Therefore, as shown in FIG. 19, the CPU 503 may write the above-described data unit 1803 in a distributed manner to the plurality of hard disk drives 51 in the RAID group via the disk control unit 502. FIG. 20 is a diagram showing the data unit management table 2001. The data unit management table 2001 indicates which LBA of which hard disk drive 51 corresponds to the data unit 1803 composed of a plurality of sectors. In the example of FIG. 20, one data unit 1803 is formed by 130 sectors from 000 to 129, and this data unit is composed of LBA from 000 to 064 of the hard disk drive 51 of drive number # 0 and drive number # 1. It is shown that. When the CPU 503 receives a data write request from the information processing apparatus 300, the CPU 503 refers to the data unit management table 2001 and writes the data in a distributed manner to the plurality of hard disk drives 51 for each data unit 1803.
As a result, even when a failure occurs in one hard disk drive, there is a high possibility that data fraud can be detected.

== Environment where Fiber Channel and Serial ATA coexist ==
Next, a description will be given of the disk array device 10 in which the fiber channel hard disk drive 51 and the serial ATA hard disk drive 51 are mixed.
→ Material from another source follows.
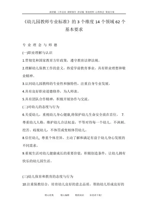 幼儿园教师专业标准的“三个维度”和“十四个领域”《幼儿园教师专业标准》包括专业理念与师德、专业知识、专业能力三个维度:它是从职业与认识、对幼儿的态度与行为等十四个领域进行阐述的,基本要求如下:专业理念与师德(一)职业理解与认识1.贯彻党和国家教育方针政策,遵守教育法律法规。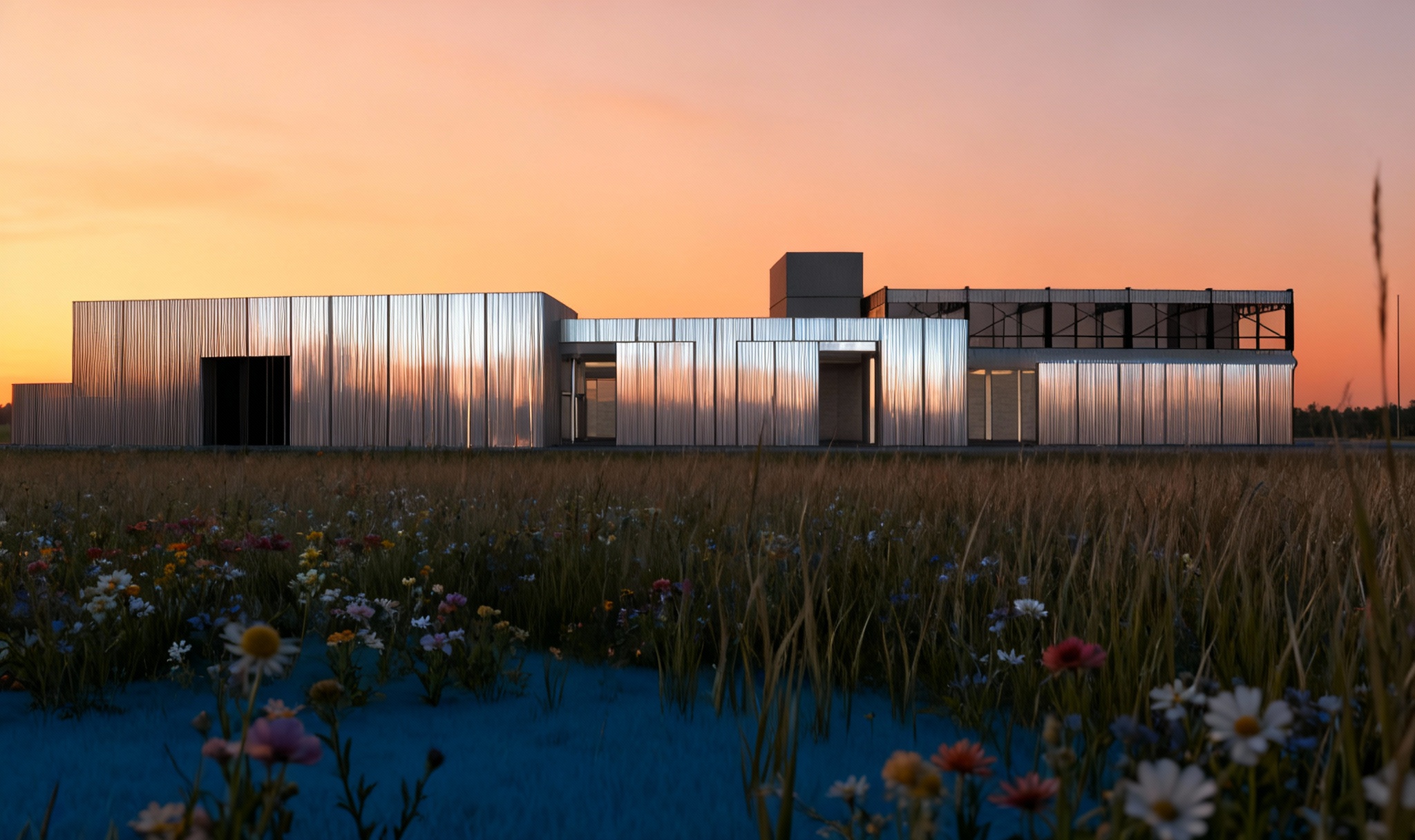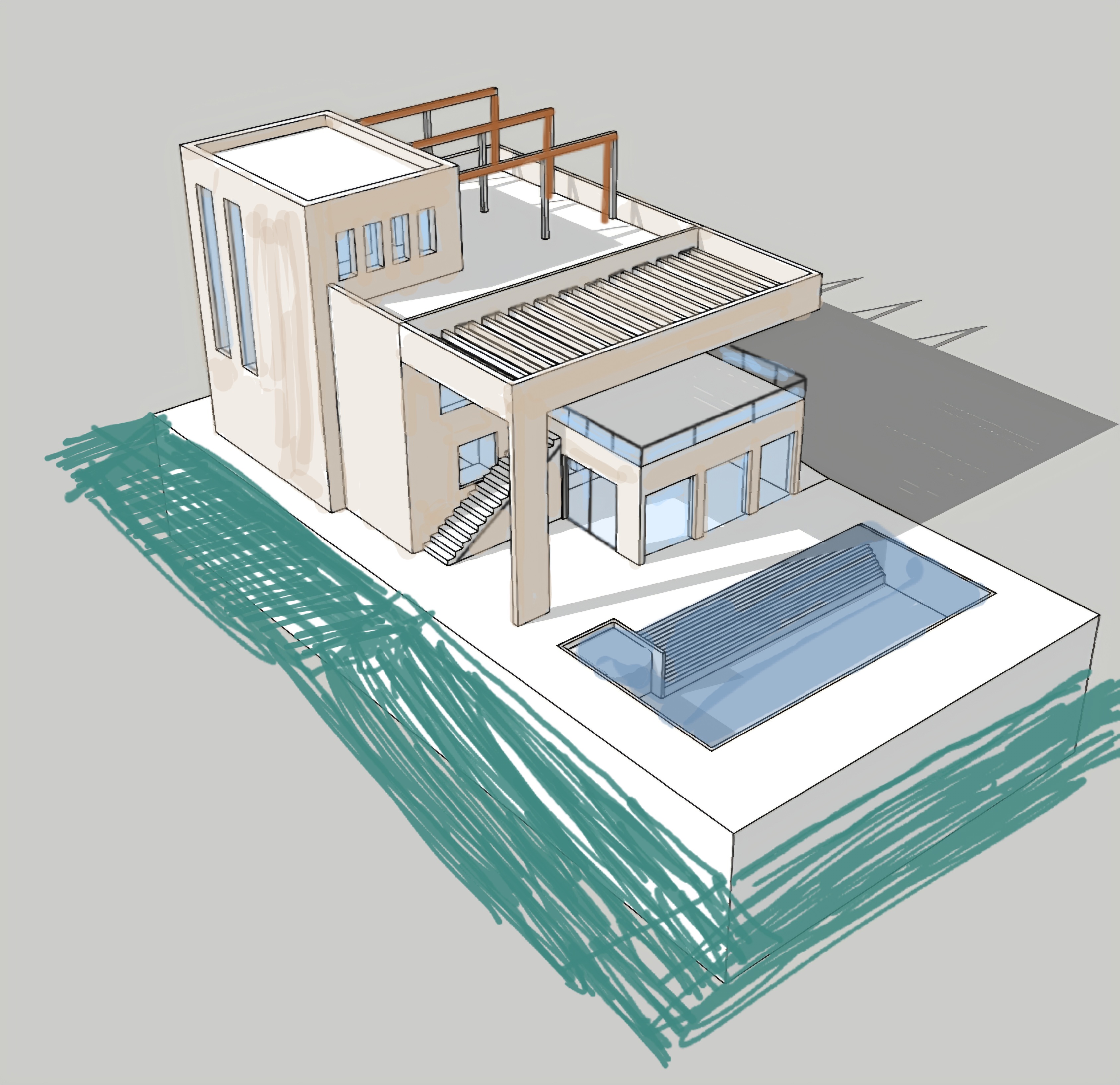 exterior shot white beige modern house straight clear lines with white concrete pergola beams shiny reflective glass windows swimming pool with blue water greenery scene around house

  FIG. 21 is a block diagram showing a disk array device in which a fiber channel hard disk drive 51 is housed in a first housing 2101 and a serial ATA hard disk drive 51 is housed in a second housing 2102. The first casing 2101 and the second casing 2102 are the basic casing 20 or the additional casing 30. The connection form of each hard disk drive 51 with the disk control unit 502 is as described above. FIG. 19 shows a mode in which a plurality of serial ATA hard disk drives are connected to one converter 901. As described above, converters 801 are provided and connected to each disk drive unit. It is good.

  In such a disk array device 10, it is required to improve the reliability of the serial ATA hard disk drive 51, which is less reliable than the fiber channel hard disk drive 51. Therefore, the controller 500 applies the above-described method for improving the reliability only to the hard disk drive 51 of the serial ATA. As a result, the reliability of data read / write with respect to the serial ATA hard disk drive 51 is improved without degrading the data read / write performance with respect to the fiber channel hard disk drive 51 used for processing that requires high access performance such as core business. Can do. Further, since it is not necessary to change the physical structure such as providing two heads for each magnetic disk of the serial ATA hard disk drive 51, the manufacturing cost of the serial ATA hard disk drive 51 can be reduced.

  In this embodiment, the fiber channel hard disk drive 51 and the serial ATA hard disk drive 51 are mixed, but any other hard disk drive 51 having an interface standard with different reliability may be used. . For example, a parallel ATA hard disk drive 51 may be used instead of the serial ATA hard disk drive 51.

  Although the present embodiment has been described above, the above examples are for facilitating the understanding of the present invention, and are not intended to limit the present invention. The present invention can be changed and improved without departing from the gist thereof, and the present invention includes equivalents thereof.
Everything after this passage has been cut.